Wherever a picture appears, leave it out, and transcribe the rest of the records exactly.

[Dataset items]
☆ ☆ ☆ ☆ ☆
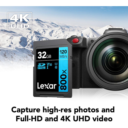 Designed for your point-and-shoot cameras, mid-range DSLR, HD camcorder, Lexar High-Performance 800x SDHC/SDXC UHS-I Cards BLUE Series let you quickly capture, and transfer high-quality photos of stunning 1080p Full-HD and 4K UHD video, with read speeds of up to 120MB/s .
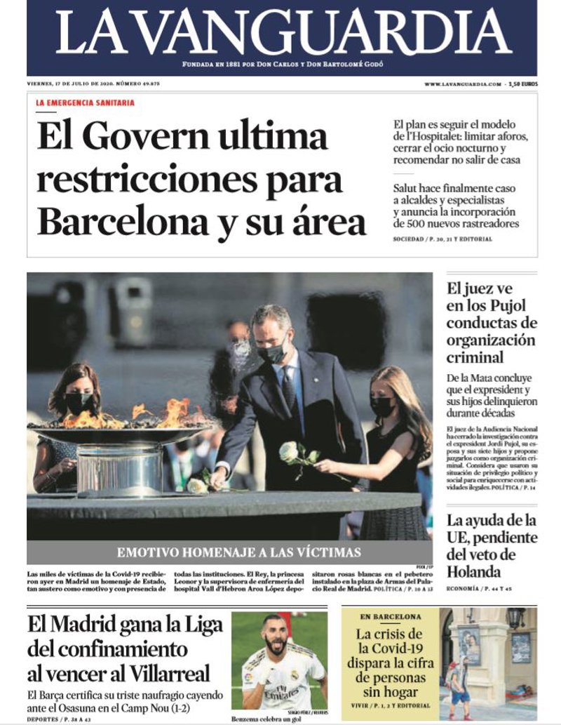 LA VANGUARDIA: "El Govern ultima restricciones para Barcelona y su área"; "Emotivo homenaje a las víctimas"; "El Madrid gana la Liga del confinamiento al vencer al Villarreal"; "El juez ve en los Pujol conductas de organización criminal"; "La ayuda de la UE, pendiente del veto de Holanda".
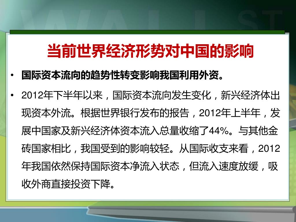 当前世界经济形势对中国的影响 • 国际资本流向的趋势性转变影响我国利用外资。 • 2012年下半年以来,国际资本流向发生变化,新兴经济体出现资本外流。根据世界银行发布的报告,2012年上半年,发展中国家及新兴经济体资本流入总量收缩了44%。与其他金砖国家相比,我国受到的影响较轻。从国际收支来看,2012年我国依然保持国际资本净流入状态,但流入速度放缓,吸收外商直接投资下降。
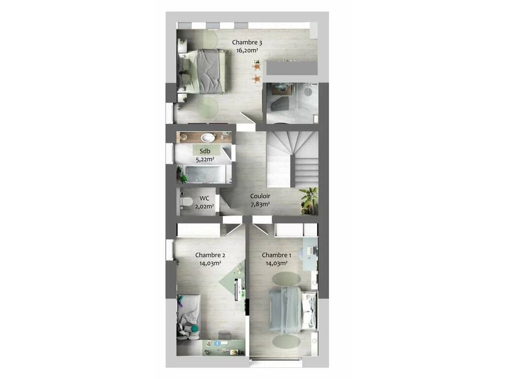 Au rez-de-chaussée, un hall d’entrée mène vers une lumineuse pièce de vie composée d’une cuisine ouverte et d’un spacieux séjour de 45,87 m². Cet espace convivial s’ouvre directement sur la terrasse et le jardin, créant une belle continuité entre intérieur et extérieur. Un débarras ainsi qu’un WC séparé complètent ce niveau.
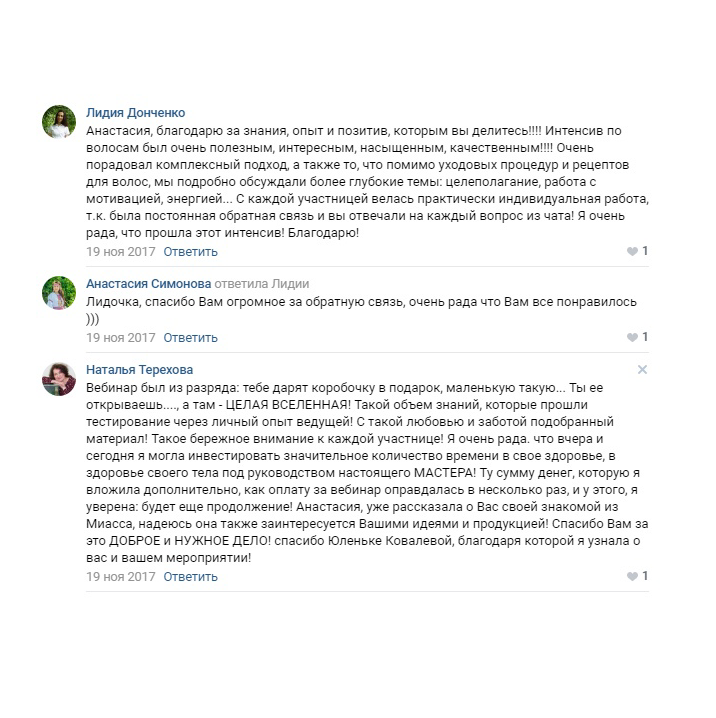 + Автор курса по уходу за волосами "Натуральный уход для шикарных волос"
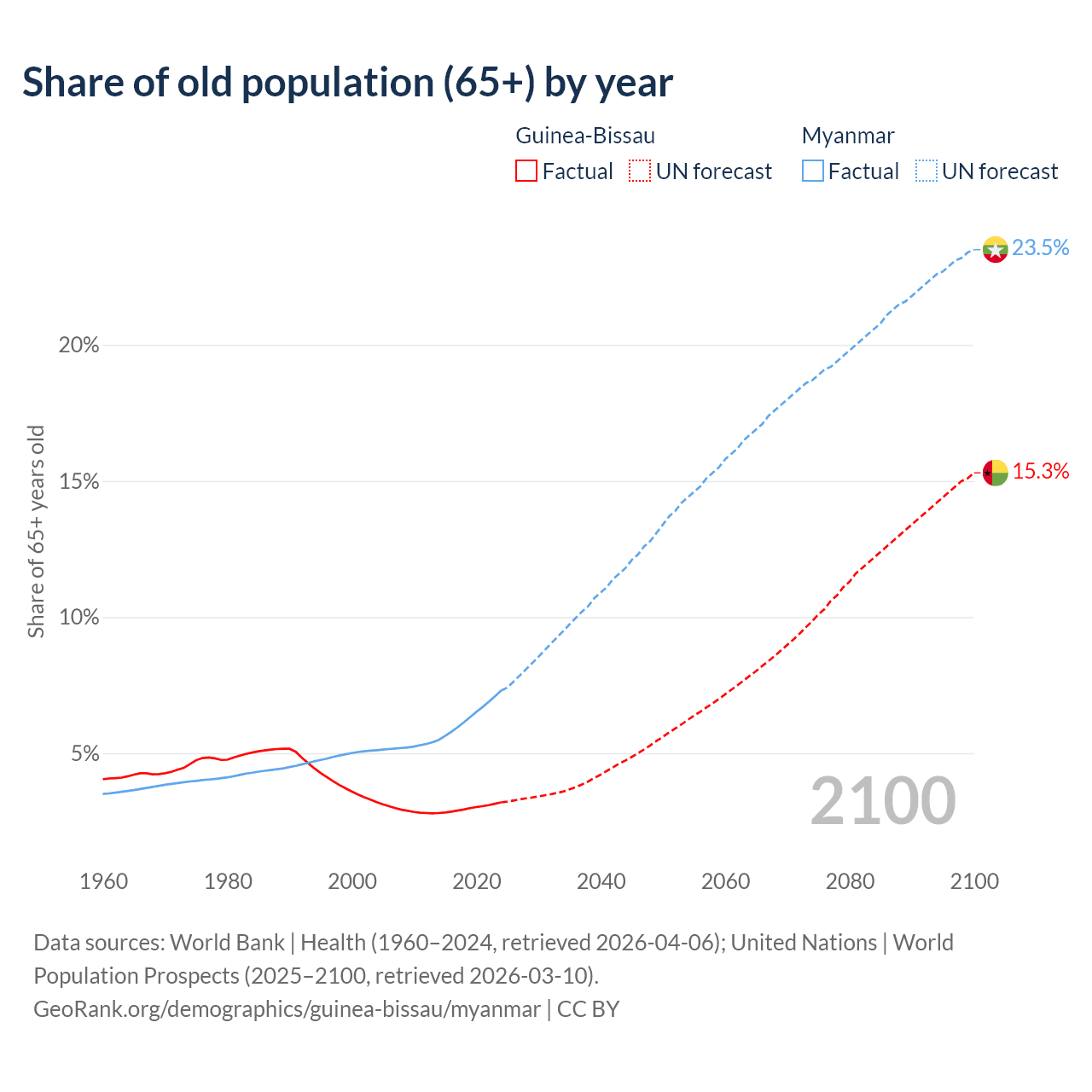 - The share of old-age demographic (65+) in Guinea-Bissau is 3.19% vs 7.3% in Myanmar.
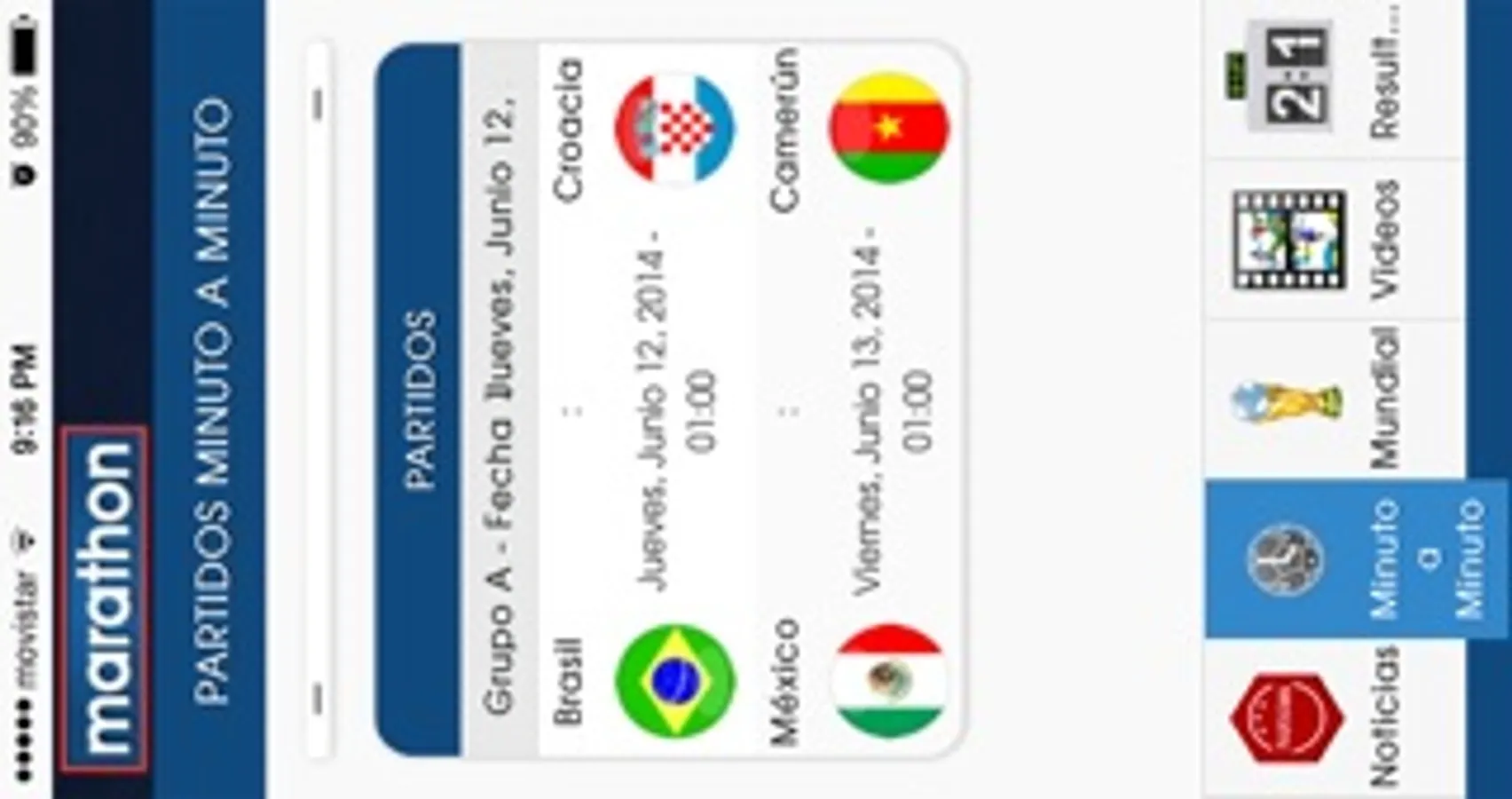 Aplicación para seguir el mundial Brasil 2014 . Sigue los Partidos minuto a minuto y comenta a través de Twitter! El app Marathon Sports te brinda Noticias exclusivas del Mundial y de la selección ecuatoriana de fútbol. Datos de los jugadores y equipos . Resultados y videos.
☆ ☆ ☆ ☆ ☆
__Output for this task__.
 Designed for your point-and-shoot cameras, mid-range DSLR, HD camcorder, Lexar High-Performance 800x SDHC/SDXC UHS-I Cards BLUE Series let you quickly capture, and transfer high-quality photos of stunning 1080p Full-HD and 4K UHD video, with read speeds of up to 120MB/s .
 LA VANGUARDIA: "El Govern ultima restricciones para Barcelona y su área"; "Emotivo homenaje a las víctimas"; "El Madrid gana la Liga del confinamiento al vencer al Villarreal"; "El juez ve en los Pujol conductas de organización criminal"; "La ayuda de la UE, pendiente del veto de Holanda".
 当前世界经济形势对中国的影响 • 国际资本流向的趋势性转变影响我国利用外资。 • 2012年下半年以来,国际资本流向发生变化,新兴经济体出现资本外流。根据世界银行发布的报告,2012年上半年,发展中国家及新兴经济体资本流入总量收缩了44%。与其他金砖国家相比,我国受到的影响较轻。从国际收支来看,2012年我国依然保持国际资本净流入状态,但流入速度放缓,吸收外商直接投资下降。
 Au rez-de-chaussée, un hall d’entrée mène vers une lumineuse pièce de vie composée d’une cuisine ouverte et d’un spacieux séjour de 45,87 m². Cet espace convivial s’ouvre directement sur la terrasse et le jardin, créant une belle continuité entre intérieur et extérieur. Un débarras ainsi qu’un WC séparé complètent ce niveau.
 + Автор курса по уходу за волосами "Натуральный уход для шикарных волос"
 - The share of old-age demographic (65+) in Guinea-Bissau is 3.19% vs 7.3% in Myanmar.
 Aplicación para seguir el mundial Brasil 2014 . Sigue los Partidos minuto a minuto y comenta a través de Twitter! El app Marathon Sports te brinda Noticias exclusivas del Mundial y de la selección ecuatoriana de fútbol. Datos de los jugadores y equipos . Resultados y videos.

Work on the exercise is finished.